Lets take a look at the similarities of both IBM and Apple. First, just as Apple has Steve Jobs to lead it successfully through its life cycle, IBM is successfully lead by Sam Palmisano who has managed to reward IBM with often the strongest profitability. Second, Both companies has solid bases for carrying business and gaining global attention; IBM focus on its intellectual property base in system cooling and analytics and energy management. Similarly, Apple focus on its rich operating systems and differentiated product line. Third, Both companies try to ignore price competition and concentrate on product value. Lastly, they both have loyal customer base that consists of different groups from individuals to organization and government sectors.

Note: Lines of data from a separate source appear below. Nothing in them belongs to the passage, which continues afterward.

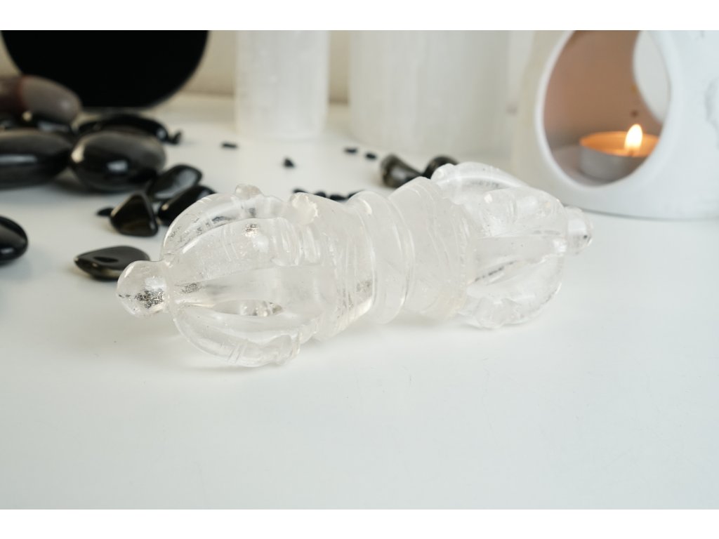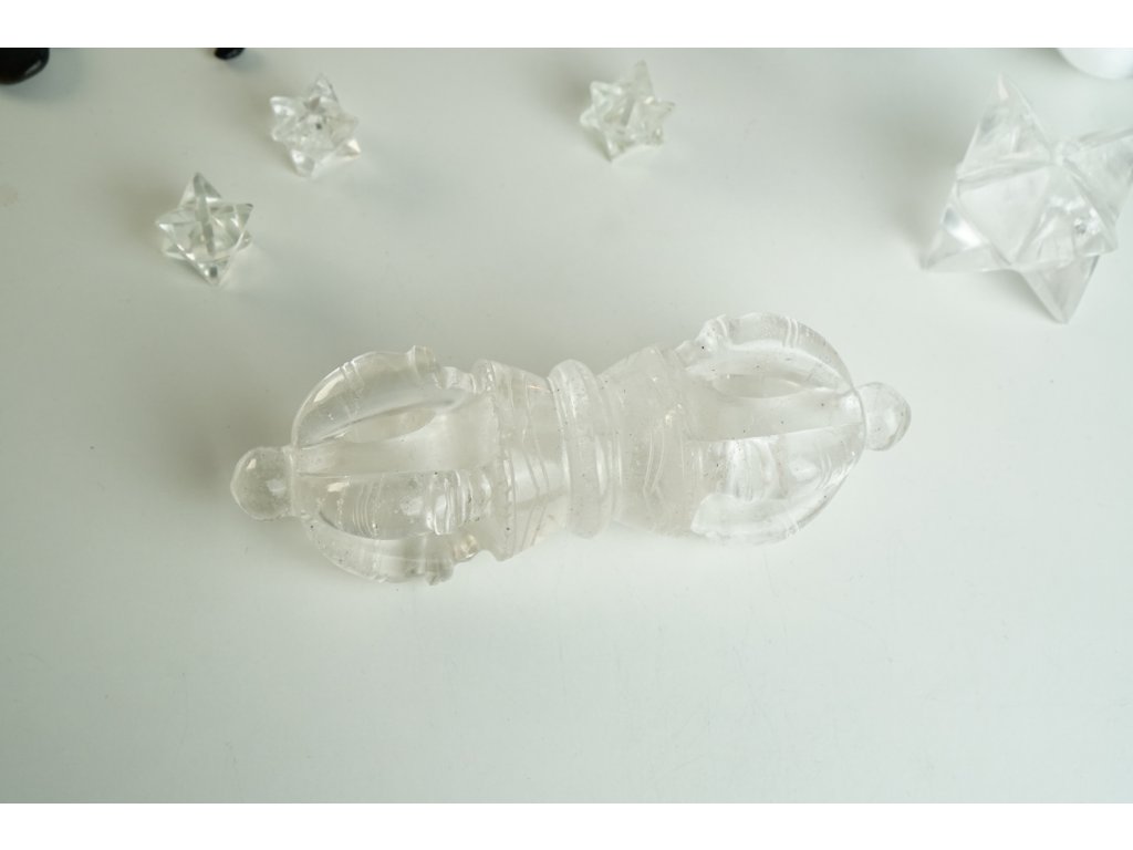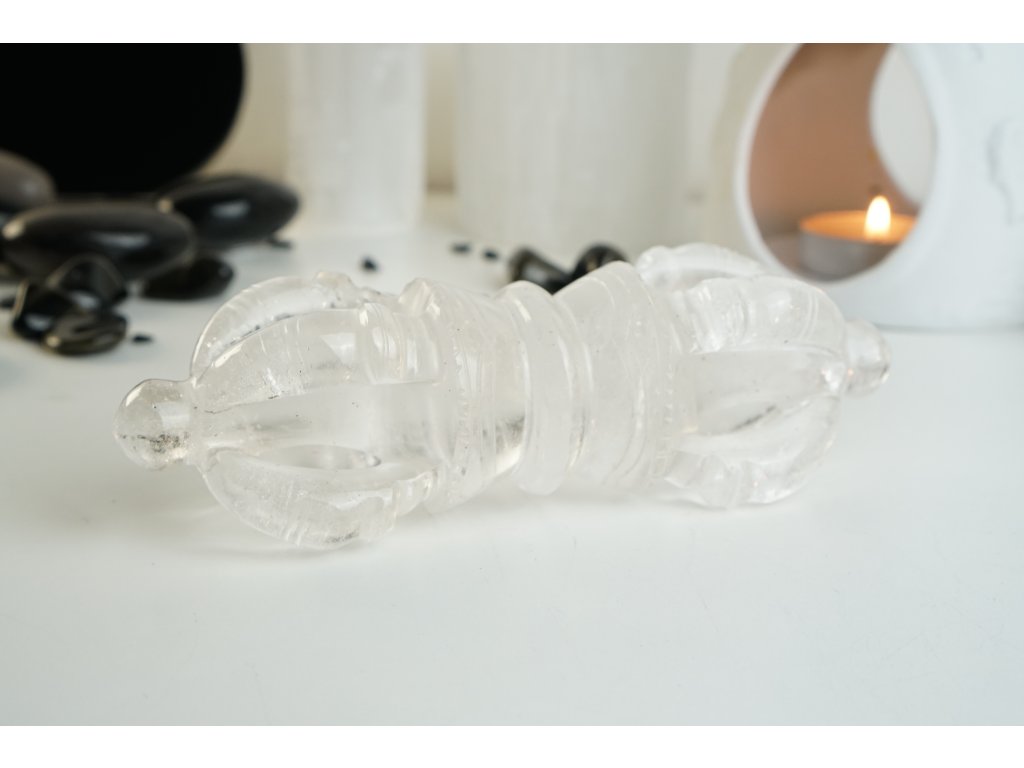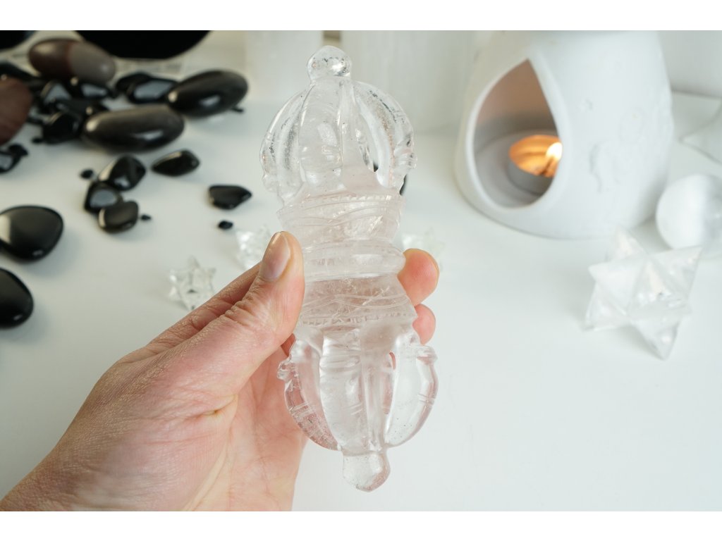Křišťálová dordže (vadžra) je mocný duchovní nástroj, který se využívá při meditacích, duchovních praktikách a energetické práci. Pochází z tradičního učení Indie a Tibetu, kde se používá již po staletí pro své léčivé a ochranné účinky. Je známá svou schopností vyzařovat pozitivní energii a harmonizovat prostředí. Tato krásná, ručně vyráběná křišťálová dordže je silným pomocníkem při práci s energií a v oblastech osobním růstu.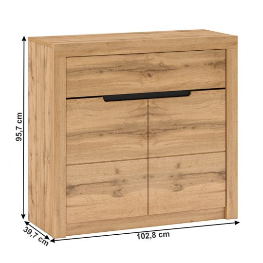 Materiál: DTD laminovaná / MDF fóliovaná Barva: dub Wotan Rozměry (ŠxHxV): 102,8x39,7x95,7 cm Tloušťka materiálu korpus: 16 mm Tloušťka materiálu dvířka: 19 mm dvoudveřová jeden šuplík Dodávané v demontu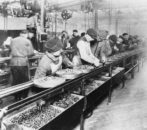 1913年,生产T型车的流水装配线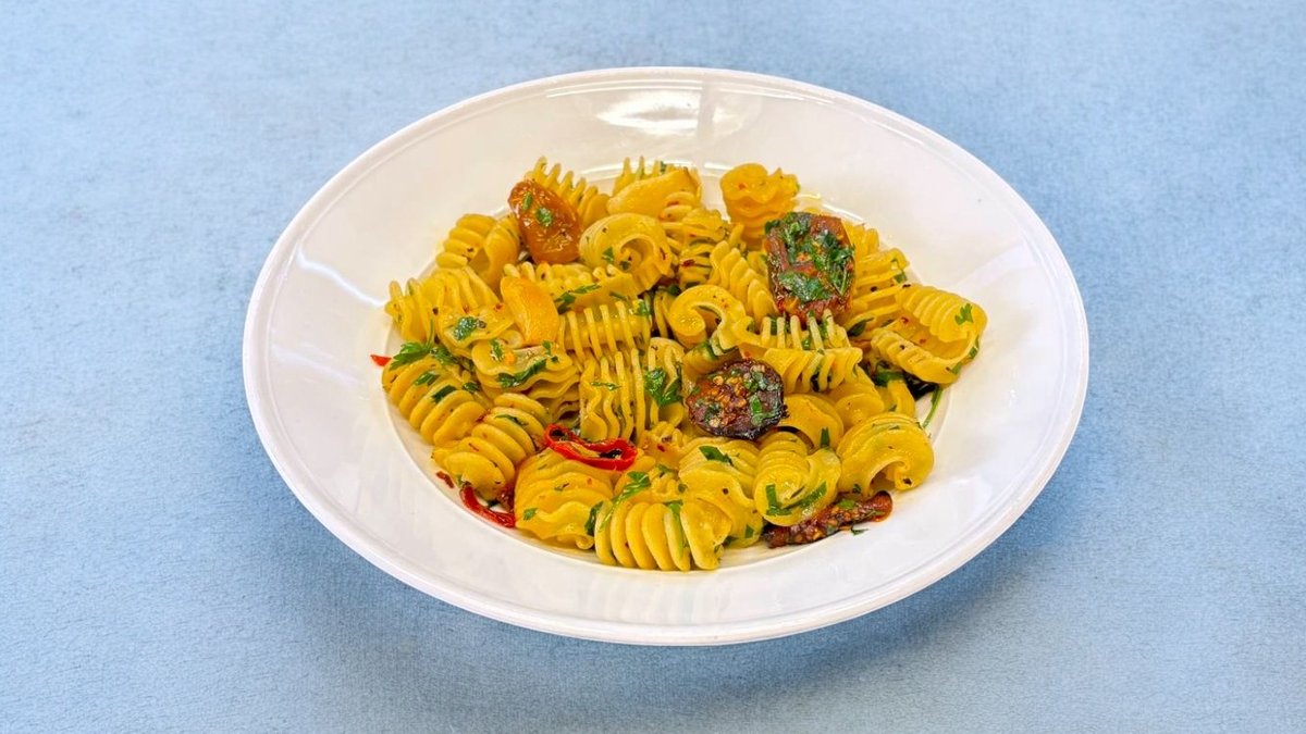 פסטה רדיאטורה טרייה, שמן זית, שום, צ'ילי, פטרוזיליה וקונפי שרי מוגש עם פרמז׳ן בצד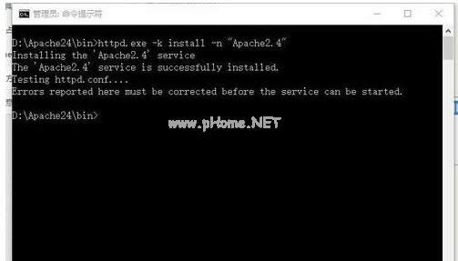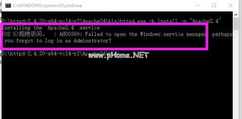 2、然后在执行上面第三步,定位到path:/bin,运行httpd.exe -k install -n “Apache2.4”即可。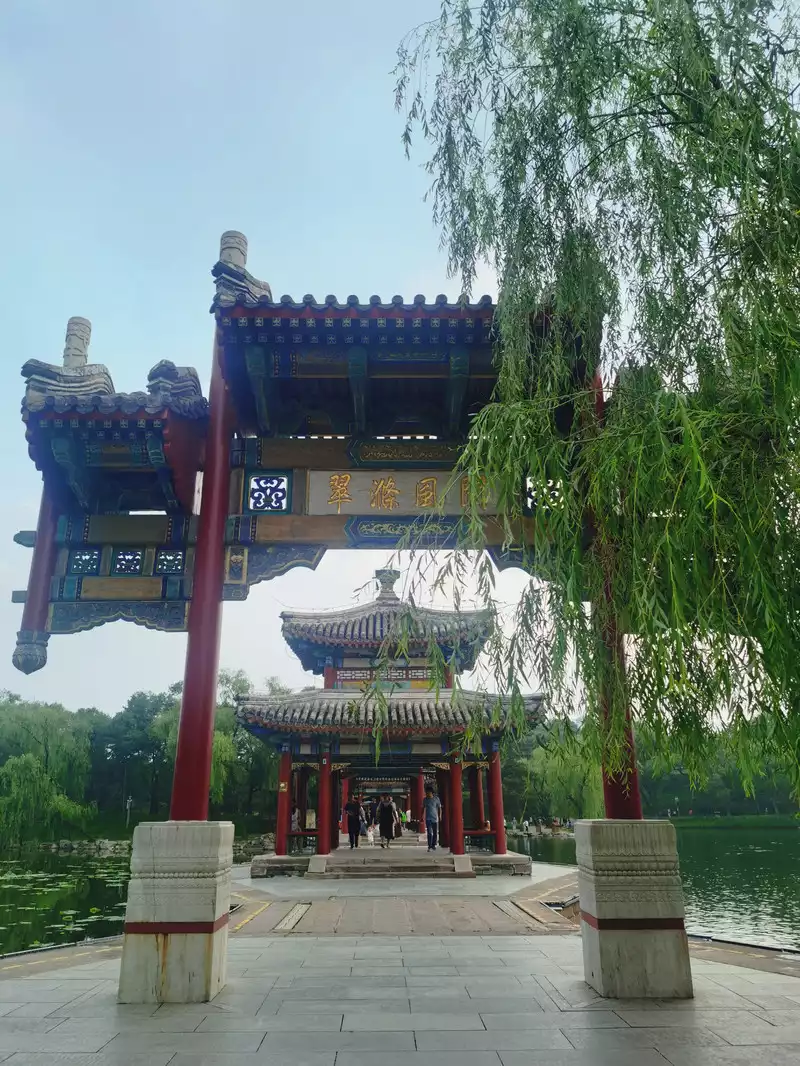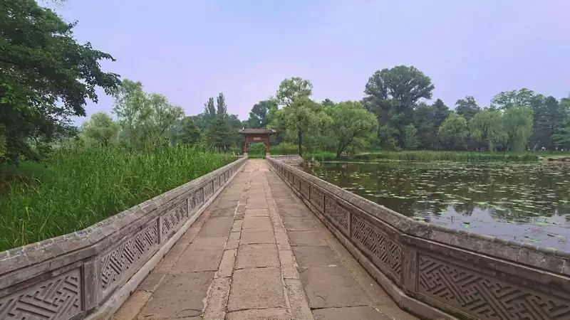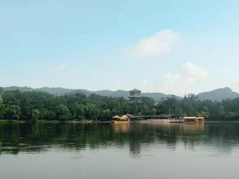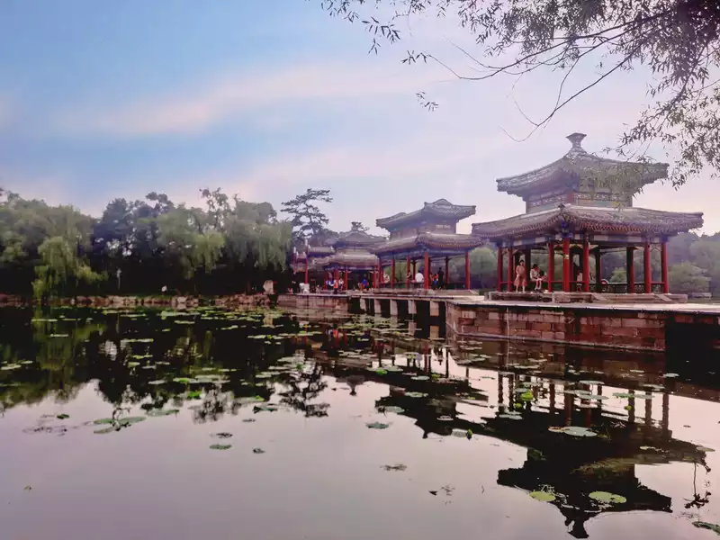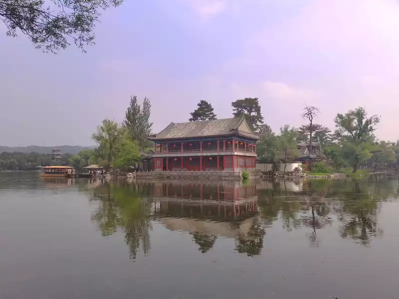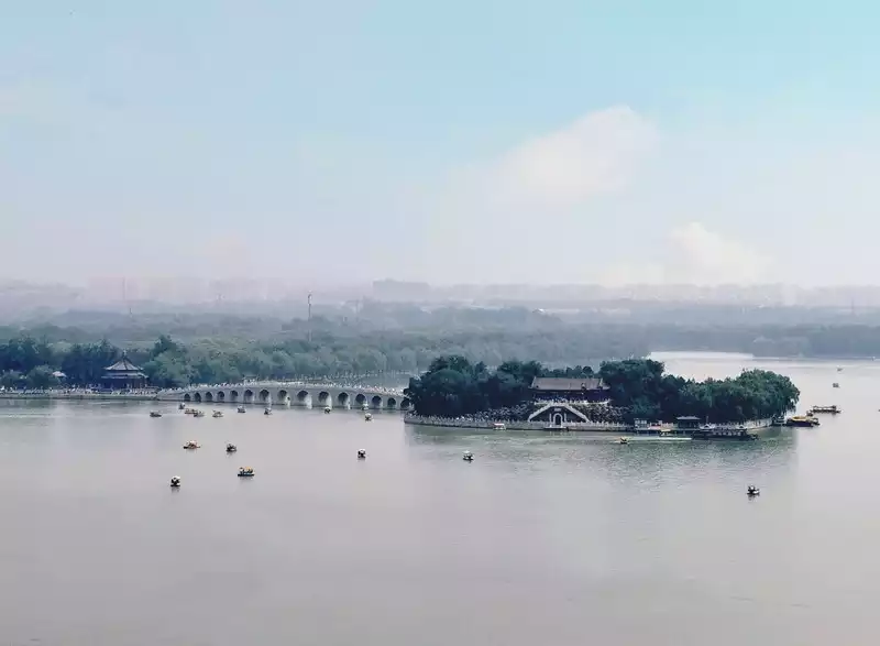 Kunming Lake is the largest lake among the royal gardens of the Qing Dynasty. A long embankment in the lake, the West Embankment, meanders from the northwest to the south. The West Dike and its branches divide the lake into three waters of varying sizes, each with an island in the middle of the lake. These three islands form a tripod on the lake, symbolizing the three sacred mountains of the East China Sea in ancient Chinese legends - Penglai, Fangzhang and Yingzhou. The West Causeway and the six bridges on the causeway are consciously imitated by the Su Causeway and the "Six Bridges on the Su Causeway" in West Lake, Hangzhou. The green waves and weeping willows along the Xidi area create a vast natural scenery. The beautiful mountain shape of Yuquan Mountain a few miles outside the park and the shadow of the Yufeng Pagoda on the top of the mountain are all connected and are taken as an integral part of the garden landscape.

Moving on to the differences; While Apple inserts customer voice on its marketing strategies, IBM fails to do so. Most of IBM top products serve as back end products that has no apparent advantage to many customers. On the other hand, integrated marketing and products development is perhaps the biggest success factor for Apple. Second, IBM is known or having high end products that usually gain wide satisfaction of customers whereas Apple fails to provide the equivalent quality due to different customers' perceptions. Lastly, IBM does not solely depend on Sam Palmisano because it has a strong structure, however, Apple pretty much runs on Steve Jobs; whenever he's sick, Apple stocks go down and vice versa. In conclusion, If both companies looked at each other strengths and weaknesses, they will be able to enhance their presence in the market which eventually means more customer satisfaction.

2 comments:

  1. I would be greatly interested if the two companies merged, all though i see them as having to fundamentally different business approaches, but maybe that's what will make them such a good combo. With IBM already doing partial business mergers with Cisco, some powerhouse that would be.

    ReplyDelete
  2. Although I partly agree with you, I think if these two great companies are not in constant competition to try to out due each other, they would produce less new and updated products.